The ice-templating of porous structures by the solidification of water is an eco-friendly way to build hierarchically-structured bulks, and the engineering of pore morphologies and their connections could be achieved. The wealth of pore morphologies and the directional macropores together with easily accessible meso- and micro-pores would make these ice-templated materials promising candidates as solid catalysts.

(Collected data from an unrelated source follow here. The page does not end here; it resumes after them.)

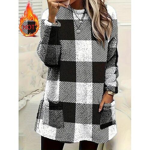 Per donna Felpa Pullover Grafico Plaid Casual Manica Lunga Girocollo Top corti Streetwear Abbigliamento Quotidiano Casuale Nero Giallo Blu Marrone Autunno Inverno
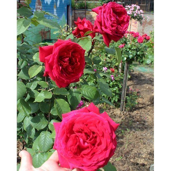 Описание сорта. Цветки густо-махровые. Лепестков в бутоне более 100. Лепестки чашевидные в старинном стиле. Цветков на стебле 1-3. Размер цветка 12-13 см. Аромат дамасской розы, насыщенный. Плодоножки прочные, не поникают, дождь держат отлично. Куст густой, облиственный равномерно, побеги крепкие, прямостоячие. К грибным заболеваниям устойчивость высокая.
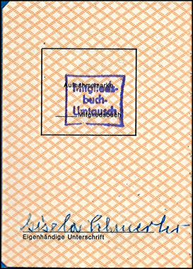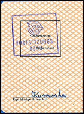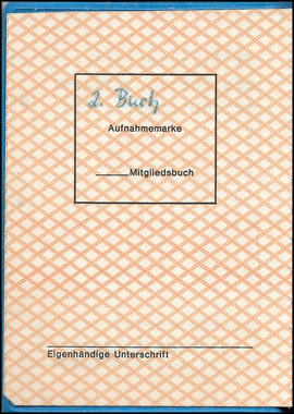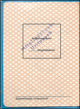 Einband - Dunkelblau Eintrittsmarke auf Einband | grüne Marke auf grünem Grund | Mitgliedsbuch-Tausch |
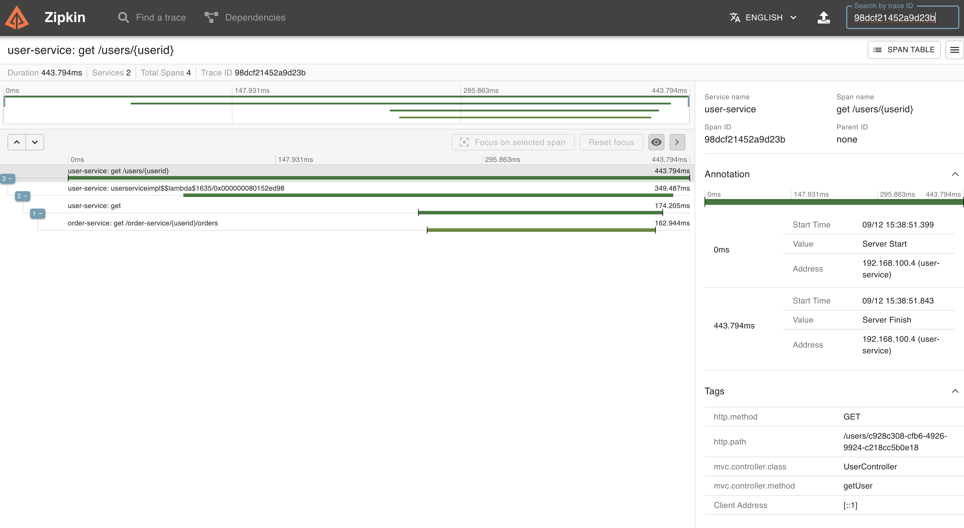 이러한 Trace정보를 Zipkin과 같은 분산 트랜잭션 추적 시스템으로 발신하게되면 비쥬얼하게 추적과 분석이 가능해진다.
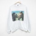 L★古着 長袖 スウェット メンズ 90年代 90s ルーニーテューンズ LOONEY TUNES タズ クルーネック USA製 グレー 霜降り
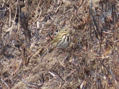後から調べると、ビンズイかタヒバリ。顔の模様からして、おそらくビンズイだろう。
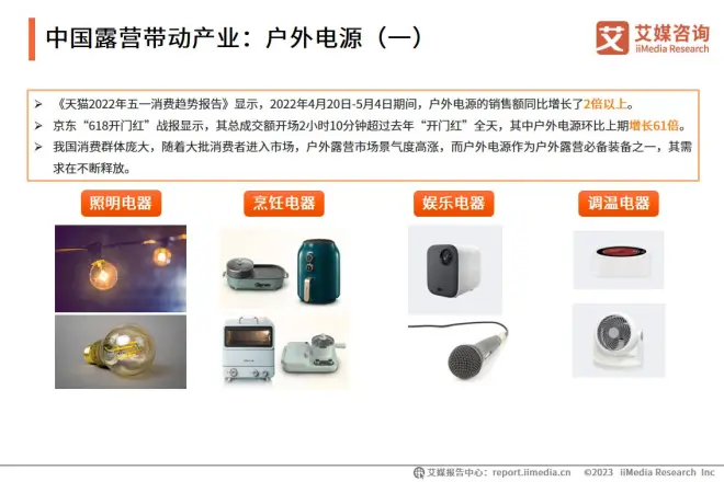 露营经济爆火还带动了户外电源市场的发展。随着中国消费水平不断提高,人们对于露营的追求也日益多元化和精致化。户外精致露营最大的难题往往便是电,无论是手机、笔记本等随身电子设备,锅、壶等烹饪电器,灯带、台灯等照明电器,投影仪、卡拉OK机等娱乐电器,还是风扇、制暖炉等调温电器,都离不开电力供应。
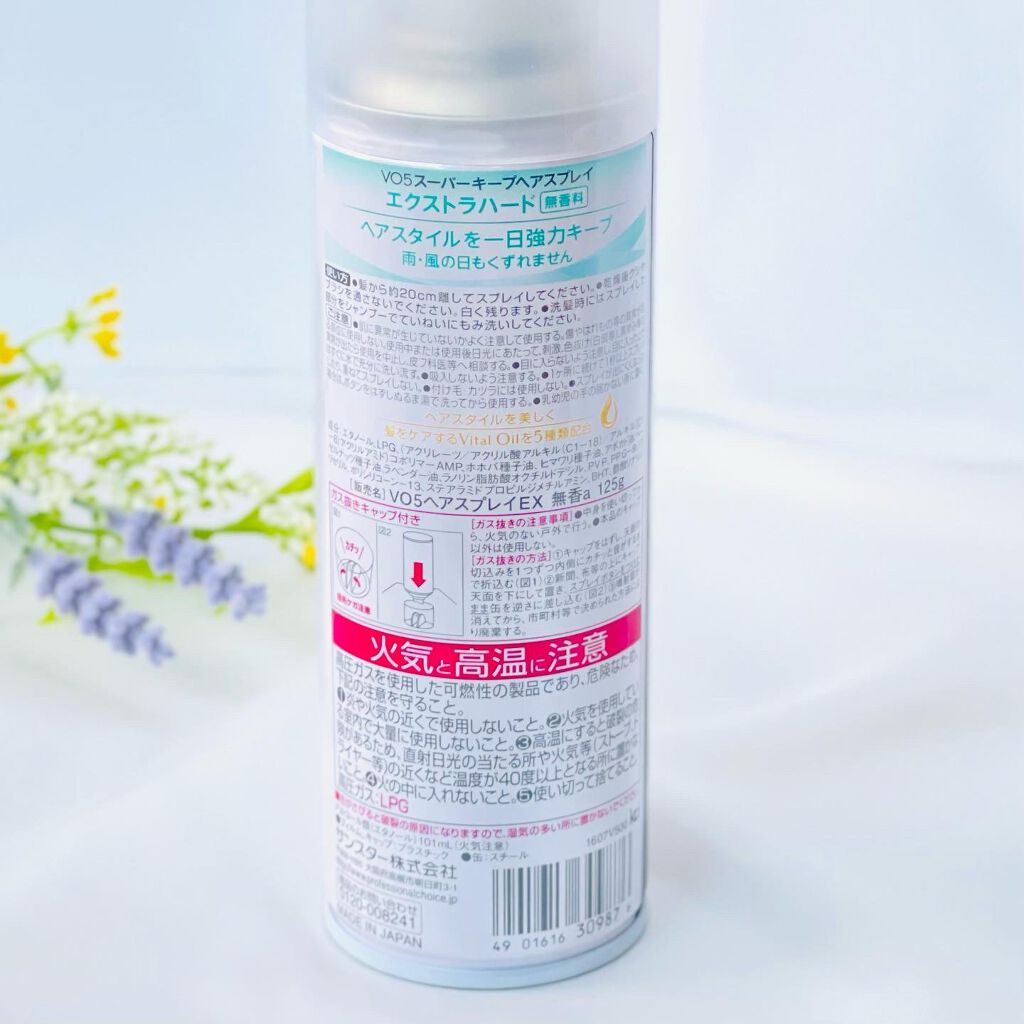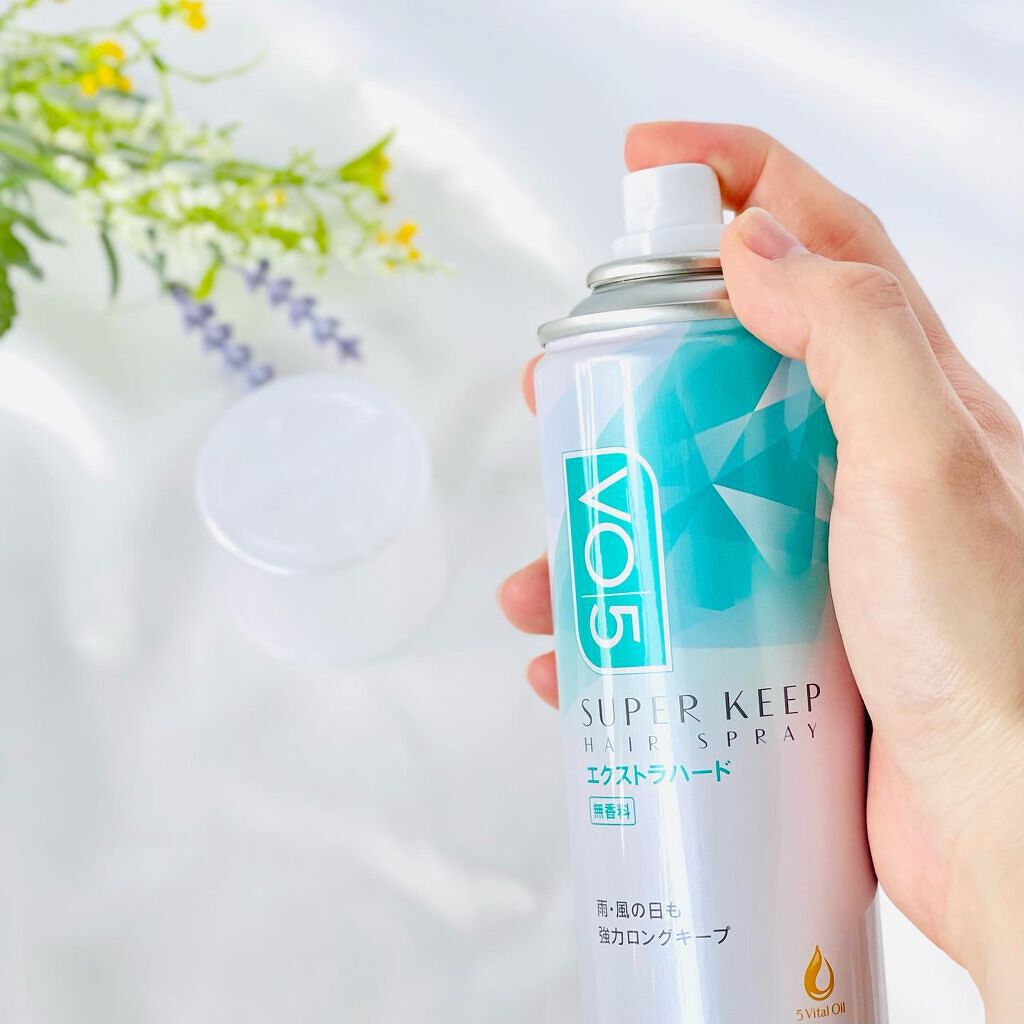 ✴︎VO5スーパーキープヘアスプレイ<エクストラハード>無香料 ¥850髪型をしっかり固めて長時間キープ雨や風の日でもスタイルが崩れにくい☂️ベタつかず乾燥後に白く粉を吹く心配も少ない髪をケアする“5種類のVitalOil”(ホホバ種子油...
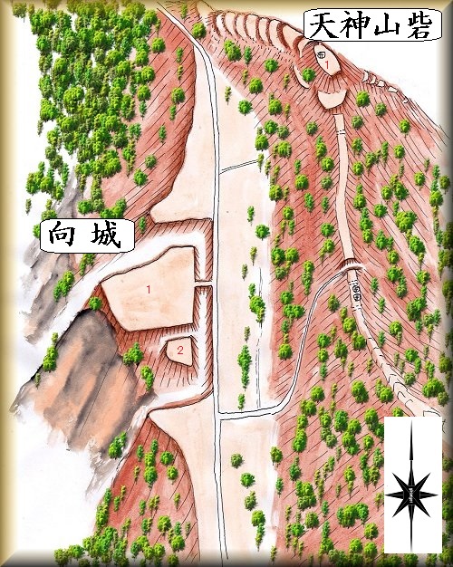 向城の東側背後の山稜が天神山砦で、向城の詰の城と言った位置にある。

Therefore, we come up with a novel method to synthesise TS-1 monolithic matrices with a hierarchical pore structure by using the ice-templating of small TS-1 grains followed with the steam-assisted crystallization of the formed monolithic bulk. The catalytic performance of the synthesised TS-1 monolithic matrix in benzene hydroxylation will be checked using a loop flow reactor. Since the existence of macropore, the pressure drop would be intensively decreased. A plenty of intercrystalline mesopores would reduce the diffusion resistance of reacting species, leading to a remarkable improvement in both reaction rate and selectivity for benzene hydroxylation.

Firstly, the hierarchical TS-1 monoliths were fabricated by ice-templating nano-sized TS-1 grains followed by steam-assisted crystallization. Based on structure characterization using SEM, TEM, XRD, BET, FT-IR as well as ²⁹Si NMR etc., the well-connected macropore structure was formed within TS-1 monoliths after the ice-templating. In the process of steam-assisted crystallization, silica sol and synthetic gel could be transformed into zeolitic crystals. Additionally, a great amount of intracrystalline mesopores appeared after steam-assisted crystallization. The hierarchical monolith had a total pore volume of 0.40 cm³/g and the specific surface area of 432 m²/g. In the following catalytic evaluation, the monolith exhibited low pressure drop and excellent mass diffusion properties. It was demonstrated that fabricated monoliths had excellent catalytic performances compared with parent TS-1 grains. The reaction yield could be up to 24.6% for benzene hydroxylation catalyzed by using hierarchical TS-1 monoliths, accounting for a 20% increase over parent TS-1 grains.

This work was supported by the National Natural Science Foundation of China (21136008).